Youth Home reveals new findings into understanding of home among young male migrants within two spaces (domestic and urban): A. material composition of domestic spaces are extremely important for young men’s sense of home such as using artefacts, creation of food, decorations and sharing objects, organising and practising religious and cultural rituals. B. the ethnography in urban spaces that the sense of belonging to the city remains provisional and shallow. Home-making practices in urban spaces was largely through solitary activities and lifestyles that made making a home ‘here and now’ difficult and a project that belonged to a future time. The importance of structural (im)possibilities in Irish society impact the sense of belonging and created a sense of isolation from the mainstream Irish population. We conclude that the role of borders and migration regimes, although not visible, are felt and experienced on everyday basis by these migrants.

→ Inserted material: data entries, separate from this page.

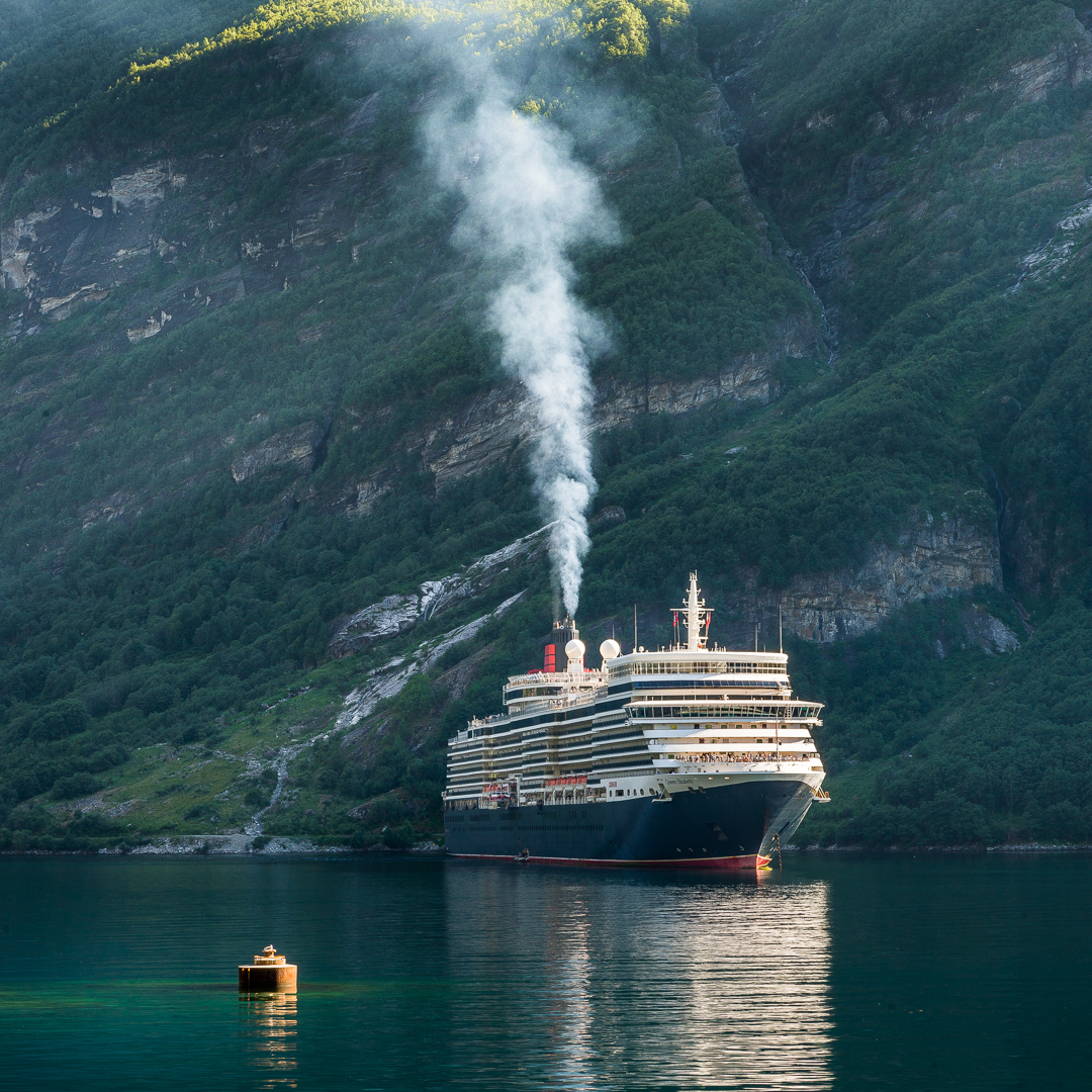 Ten wycieczkowiec jest olbrzymi - jak 1/3 fiordu :)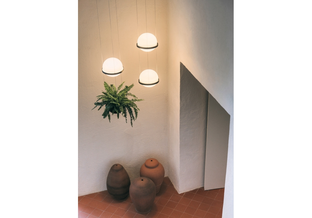 Palma diseñada por Antoni Arola para Vibia es una lámpara de suspensión con perfil de aluminio pintado anclada a dos tirantes. El difusor tiene forma esférica y está fabricado en vidrio soplado y protege una o más fuentes de luz LED regulables. Palma está disponible en diferentes acabados, modelos y versiones de control de iluminación.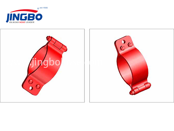 This products and existing technology compared to, the end of hanging card comparison smooth, can avoid the end insert close to the other Hose makes transport more security; due to the Oilfield Hose hanging card of end for axis hinge connection, through another end by of connection screw rod can makes two a semi-circular card Board will pipeline card of more tight, not only can avoid connection screw rod in transport in the loose of problem, and installed more convenient, and structure more simple.

Methodological contribution: Youth Home’s detailed and focused qualitative data that was ‘co-produced’ with participants, in different stages, not only depicted ‘how’ they make home, but also expanded the methods through which we can gain insight into migrants’ lives. Two new methods that were developed in this research walking methods combined with visual methods, used biographical methods. The paper discusses how walking methodology as a collaborative practice illuminating migrants’ movements within a city, offering a different method of mapping the urban space through the eyes and movements of migrants. The other innovative method was the importance of putting in practice the experience of co-existence and co-practice by ‘tasting home’ practice.
Impact:
Some public impact has been achieved through the course of the fellowship by attracting children to think about home, urban belonging and home-making through an art practices during the Cork Discover (Nov 19). The website includs images, maps and interview extracts to depict the everyday practices of home-making by these migrants. A paper is being publishd in lay terms in an e-magazine (ViewFinder) Nov 20. A policy report has been prepared and will be distributed to Cork TDs (some of whom were contacted throughout the project to address the case of two of the refugee participants).